(Benjamin: continued from previous post)
I had been living overseas for two years and had just finished what was my first year in Poland when my then-wife and I began discussing the idea of getting a dog. We had returned from a summer vacation that brought us back to Canada for a visit. While it was great to visit after so long away, it was also exciting to return to Poland, a new apartment, and what would become ‘normal’ for another few years.
Our best friend in Poland was a woman named Magda with whom we taught at the Uniwersytet Warszawski, Institute of Applied Linguistics. Magda and her husband had a boxer whom we had grown to love as well. Magda and her love of her dog inspired much in me that was to come.
Magda knew that we were thinking about getting a dog and over the course of a year, we talked about the logistics and the how. I had my heart set on a yellow lab. I still had such fond memories of the black lab-shepherd cross, Kaila, that I had loved as a child. I lost Kaila suddenly and tragically one day when she reared up on a neighborhood friend who was blocking the front door of our house that she was trying to enter. In the process, her claws left his face bleeding … and, shortly after a conversation with the neighbour, Kaila left us for a “farm.”
The idea of another black lab was too close to home, but the notion of a yellow lab, and rescuing a part of my childhood I had lost, appealed … a lot. However, after much discussion, we seemed to settle on the wish of a golden retriever … which somehow seemed “us.”
Like so many people, we were ready to take the plunge into pet ownership but were nonetheless afraid to actually do it. Living in a foreign country, unsure what the future was going to bring, didn’t make the inertia of indecision any easier to overcome. And so we turned the idea around in our heads for a year, waiting for the “right moment” to find the dog we wanted.
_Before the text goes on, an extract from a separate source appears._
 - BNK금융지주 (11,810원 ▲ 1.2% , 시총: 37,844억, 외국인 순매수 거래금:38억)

The new school year had begun when on one warm fall day in October 1996, Magda came into the university office I shared and said: “I saw the perfect dog for you and Andrea today. He’s a puppy; he is so cute and adorable. He’s wandering around the Central Train Station. I’ve seen him in the same place the last few days – running around and barking at people for food.”
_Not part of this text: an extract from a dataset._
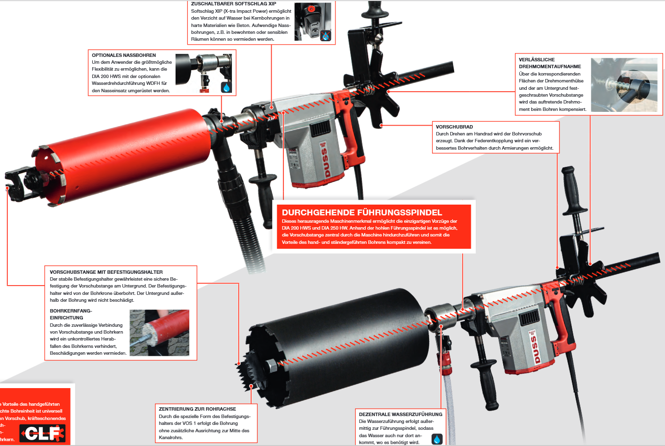 - montierbares Vorschubsystem CLF für unkomplizierte, ermüdungsfreie Bohrungen, das die Vorteile des hand- und ständergeführten Bohrens kombiniert

Inquiring for more information, I would learn that this stray was a terrier-cross which, according to Magda, was probably possessed of a bunch of Irish terrier.
As I’ve said before, there is a risk of getting an idea in one’s head too early … where the planted idea takes root and gets in the way of spontaneity and opportunity. My brain was thus fixated on the idea of golden retriever – and here was Magda telling me that she thought some stray mutt that was a terrier (what the hell even was that?) was perfect for me.
I grappled with the notion and resisted. What was wrong with this dog? Why was it on the street? Was it feral? Had someone abandoned it because it has bit someone? Was it diseased and dangerous? Was it sick?
My mind went to all the negative places – all the reasons that this was not the dog for me.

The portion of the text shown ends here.